Problem to work on: Transcribe the stretch of entries below from the line with "White T-shirt for" through the line with "Povestea Ceasului Cu Inima Pdf Document", exactly and with both ends included; leave out all other lines.

Records supplied:
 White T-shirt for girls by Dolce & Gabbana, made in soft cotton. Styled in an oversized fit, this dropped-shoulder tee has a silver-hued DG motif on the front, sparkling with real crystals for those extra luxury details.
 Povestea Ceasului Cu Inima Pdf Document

---

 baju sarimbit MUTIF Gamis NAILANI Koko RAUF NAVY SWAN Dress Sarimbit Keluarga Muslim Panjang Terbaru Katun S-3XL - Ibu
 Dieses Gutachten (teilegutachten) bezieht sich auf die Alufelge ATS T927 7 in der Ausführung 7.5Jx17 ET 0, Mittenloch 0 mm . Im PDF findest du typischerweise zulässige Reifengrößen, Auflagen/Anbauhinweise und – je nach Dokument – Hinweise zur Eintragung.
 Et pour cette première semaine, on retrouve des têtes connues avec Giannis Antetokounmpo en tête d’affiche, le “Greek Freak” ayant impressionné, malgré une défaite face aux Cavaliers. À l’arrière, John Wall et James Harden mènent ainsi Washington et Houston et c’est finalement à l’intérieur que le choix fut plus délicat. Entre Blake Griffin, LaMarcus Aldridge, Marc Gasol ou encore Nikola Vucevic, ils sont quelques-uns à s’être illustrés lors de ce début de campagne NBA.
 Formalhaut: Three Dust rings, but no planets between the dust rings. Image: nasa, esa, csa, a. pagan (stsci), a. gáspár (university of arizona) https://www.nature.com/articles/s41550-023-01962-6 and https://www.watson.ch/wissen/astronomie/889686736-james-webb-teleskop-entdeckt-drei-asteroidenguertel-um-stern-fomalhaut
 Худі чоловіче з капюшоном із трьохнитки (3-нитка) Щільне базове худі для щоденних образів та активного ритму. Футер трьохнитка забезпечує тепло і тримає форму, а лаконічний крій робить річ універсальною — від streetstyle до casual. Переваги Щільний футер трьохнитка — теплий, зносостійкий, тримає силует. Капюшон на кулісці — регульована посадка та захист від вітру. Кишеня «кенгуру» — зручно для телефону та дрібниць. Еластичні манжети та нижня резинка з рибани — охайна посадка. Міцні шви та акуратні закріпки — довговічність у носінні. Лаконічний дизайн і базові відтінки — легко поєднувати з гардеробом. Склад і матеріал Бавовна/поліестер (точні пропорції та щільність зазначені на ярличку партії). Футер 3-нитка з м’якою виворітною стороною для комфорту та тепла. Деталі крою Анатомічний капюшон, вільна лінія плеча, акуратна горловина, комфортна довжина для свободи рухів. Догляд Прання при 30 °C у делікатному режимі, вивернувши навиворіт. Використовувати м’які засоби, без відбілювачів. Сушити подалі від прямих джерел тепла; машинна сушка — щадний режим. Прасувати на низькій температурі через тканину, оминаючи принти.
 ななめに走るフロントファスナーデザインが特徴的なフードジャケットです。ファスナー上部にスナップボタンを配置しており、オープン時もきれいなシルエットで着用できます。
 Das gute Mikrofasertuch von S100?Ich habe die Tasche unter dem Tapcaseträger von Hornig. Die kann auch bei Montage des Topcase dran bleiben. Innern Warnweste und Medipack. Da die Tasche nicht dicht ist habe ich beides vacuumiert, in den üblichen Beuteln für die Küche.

Task output:
 White T-shirt for girls by Dolce & Gabbana, made in soft cotton. Styled in an oversized fit, this dropped-shoulder tee has a silver-hued DG motif on the front, sparkling with real crystals for those extra luxury details.
 Povestea Ceasului Cu Inima Pdf Document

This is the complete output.